La conferma nel “compleanno” dell’ipotesi
Una di queste ipotesi, formulata nel 1971 dal celebre fisico teorico e cosmologo britannico Stephen Hawking, scomparso nel 2018, è il cosiddetto “teorema dell’area”, secondo cui la superficie dell’orizzonte degli eventi di un buco nero non può mai diminuire nel tempo. Verificare questo teorema, che ha profonde implicazioni sulla comprensione del comportamento dei buchi neri, è sempre stata considerata un’impresa proibitiva, ma ora un gruppo di ricerca guidato da Maximiliano Isi del Massachusetts Institute of Technology (MIT) di Boston ha presentato sulle “Physical Review Letters” la prima prova diretta della validità del teorema.
Per farlo, gli scienziati hanno studiato l’evento associato alla prima osservazione di onde gravitazionali, GW150914, generate nel processo di fusione tra due buchi neri: l’analisi ha dimostrato che la somma delle aree dei due buchi neri “genitori” è inferiore a quella del buco nero finale prodotto dalla fusione, confermando così la previsione del teorema.

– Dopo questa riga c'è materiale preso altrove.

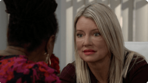 Jordan (Briana Henry) told Curtis (Donnell Turner) she made an appointment with Dr. Massey so they can work out their problems in therapy. Portia (Brooke Kerr) watched a conversation between Britt (Kelly Thiebauld) and Cyrus (Jeff Kober). Phyllis returned from Port Charles. Mike/Sonny (Maurice Benard) told he remembered someone. “I know what you both did to my daughter” Nina (Cynthia Watros) shouted to Jax (Ingo Radmacher) and Carly (Laura Wright). Curtis reminded Jordan they couldn’t be honest with Dr. Massey in therapy because of the legal compromises they both made. Curtis invited both Britt and Portia to a GH board meeting. Mike/Sonny told Phyllis he couldn’t make out the face of the woman he saw in his dream. Once everyone but Diane (Carolyn Hennessey) and Jason (Steve Burton) were there, Nina said she knew Jax and Carly were there when she died. At the board meeting, Cyrus asked for a vote of unanimous consent when he presented his pain medication to the FDA. Leslie entered and objected to Renault’s pain medication approval. Nina demanded Carly admit she could have saved Nelle (Chloe Lanier) but chose not to. Carly said despite her feelings for Nelle she tried to save her but was too late. Carly added what a horrible person Nelle was, reminding how she slashed Brook Lynn’s throat. Nina angrily said Carly didn’t have the right to decide who lived or died. She called Jax, Diane and Jason white knights coming to Carly’s rescue. And Carly said she remembered that side of Nina…the one who lashed out when she was hurt. She and Nelle weren’t too different after all. Before leaving, Nina called Jax a liar who did it with a tan and a smile. At the GH board meeting, Britt stated the medical information was outside her area of expertise with Portia adding Mr. Renault’s criminal background made it suspect. So, she blocked his unanimous vote. No matter, Cyrus reminded there would be a table vote next week. Curtis suggested he and Jordan separate so they have a chance to be alone to think about what they wanted. Britt texted Jason. Diane angrily reminded that as the family attorney she had to be the first to know things in order to do legal damage control. So, Jax and Carly came clean about what happened the night Nelle fell off the cliff. Jason got Britt’s text and had to leave. Mike/Sonny took away a drunk customer’s car keys. When Curtis came to the hospital, Portia said they needed to talk. Britt told Jason about the board meeting for Cyrus’ pain drug and the board vote in a week. Leslie came to see Monica (Leslie Charleson) asking her former rival’s help in proving Cyrus Renault for the snake he is. Realizing she was no longer a part of Jason’s world, Sam told Dante (Dominic Zamprogna) she was now just Sam. They drank a toast to the new Sam McCall. Diane told Jax and Carly that the information Nina had was hearsay without evidence. Meanwhile, Nina came to Jordan’s office and told the police commissioner she had new information about the death of Nelle Benson.

Per capire meglio la portata di questo risultato, è necessario “immergersi” nello strano mondo dei buchi neri, da sempre considerati tra gli oggetti più bizzarri e misteriosi del cosmo. La proprietà che li caratterizza maggiormente è la presenza di un punto di non ritorno: una volta superato un confine ben preciso detto “orizzonte degli eventi”, il campo gravitazionale dei buchi neri diventa così intenso da impedire sia alla materia sia alla luce di sfuggire. Benché questi oggetti siano stati considerati a lungo una semplice curiosità matematica, oggi esistono prove certe della loro reale esistenza astrofisica, anche se resta ancora molto da capire sul loro comportamento e sulle loro proprietà.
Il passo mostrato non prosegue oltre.